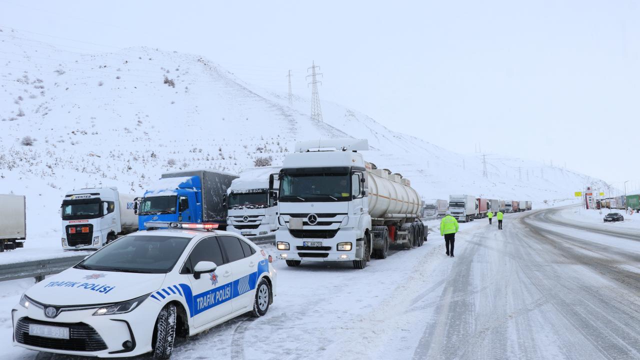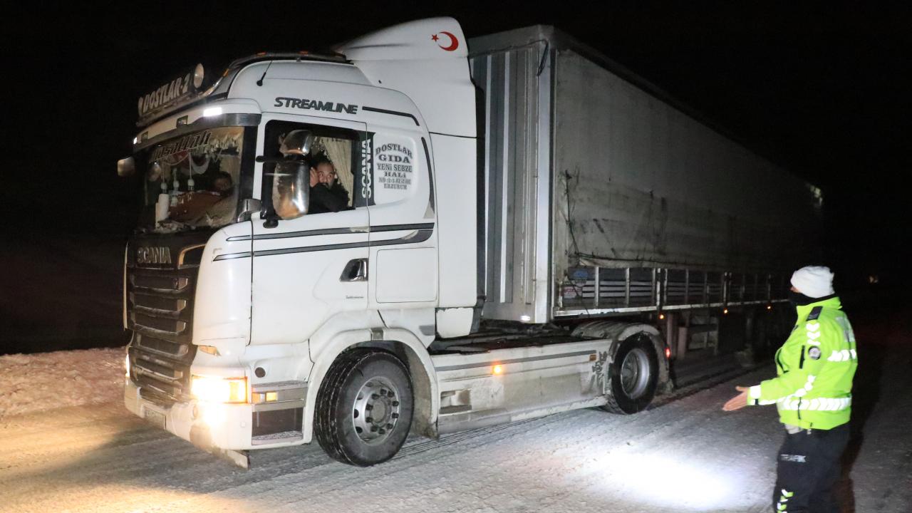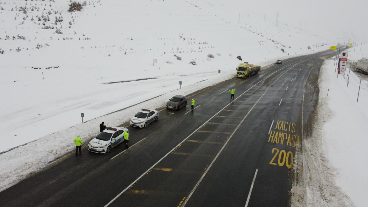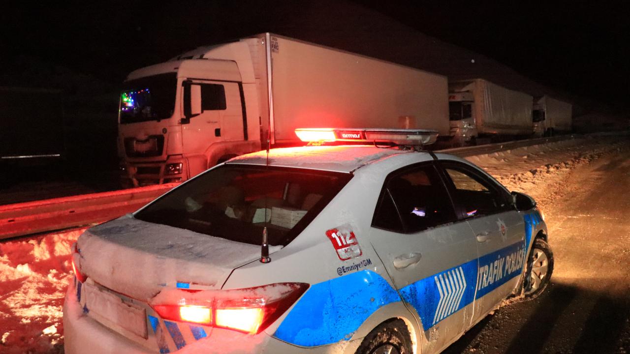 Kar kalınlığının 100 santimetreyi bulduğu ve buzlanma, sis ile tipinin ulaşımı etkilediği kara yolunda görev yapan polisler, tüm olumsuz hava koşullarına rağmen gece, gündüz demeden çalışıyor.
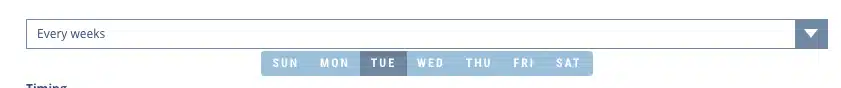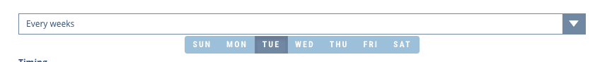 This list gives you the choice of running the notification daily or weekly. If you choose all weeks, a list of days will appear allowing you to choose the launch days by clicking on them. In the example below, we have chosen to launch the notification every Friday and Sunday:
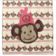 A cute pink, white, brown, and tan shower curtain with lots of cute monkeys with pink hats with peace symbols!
⁂
**EXERCISE AIM**
Copy everything in the listing above exactly except the pictures.

**ANSWER TO THE PROBLEM**
 Kar kalınlığının 100 santimetreyi bulduğu ve buzlanma, sis ile tipinin ulaşımı etkilediği kara yolunda görev yapan polisler, tüm olumsuz hava koşullarına rağmen gece, gündüz demeden çalışıyor.
 This list gives you the choice of running the notification daily or weekly. If you choose all weeks, a list of days will appear allowing you to choose the launch days by clicking on them. In the example below, we have chosen to launch the notification every Friday and Sunday:
 A cute pink, white, brown, and tan shower curtain with lots of cute monkeys with pink hats with peace symbols!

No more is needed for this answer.